“胡說八道!”謝父突然拍案而起:“我不管你是哪個小侯爺,但不能誣陷我兒!”
趙翎咂了咂嘴:“你看看他那樣子,明擺著承認了,怎么是我誣陷?”
他索性站起身和謝父對峙:“不如去金鑾殿請陛下圣裁怎么樣?看看謝探花到底有沒有成過親?雖說沈相把他登記在戶部的婚事消得一干二凈,但謝家莊的父老鄉親總能作證吧?”
“你這個當爹的,是不是也是幫兇?這么心甘情愿就讓兒子做了上門女婿,也不怕斷子絕孫?毒殺人家母子三人,難不成就是為了讓兒子攀附權貴?”

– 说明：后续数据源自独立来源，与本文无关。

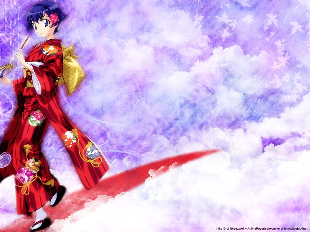 Description: A woman in a red and gold kimono walking on a red carpet with a purple background and white clouds.

趙翎明擺著要和謝沈兩家別扭到底,一番話說得謝父老臉通紅。
見老頭不吭聲了,趙翎又將矛頭轉向謝安,嗤笑著罵:“謝探花,用發妻和兒女性命換來的榮華富貴,香不香?”
謝安咬著嘴唇說不出話。
他的確夢見過施硯硯和兩個親生的孩子。
她們全身是血地找他索命,腸子都流了一地,要多恐怖有多恐怖,最嚴重的一次,他一連幾天都不敢睡覺。
沈依依還在抽抽搭搭地哭,哭得謝安手足無措。
沈蘭終于忍無可忍地怒罵:“真是反了天了,趙翎!你如此目無尊長,可有半點侯府家教?你父親呢?讓他親自來跟我說話!”
趙翎聳聳肩:“家父帶家母云游四方去了,不知道什么時候回來。”
沈蘭氣得翻背,“好好好,既然趙兄不在,我就替他好好教育教育你這個逆子!來人!給我把趙小侯爺架到大街上去!”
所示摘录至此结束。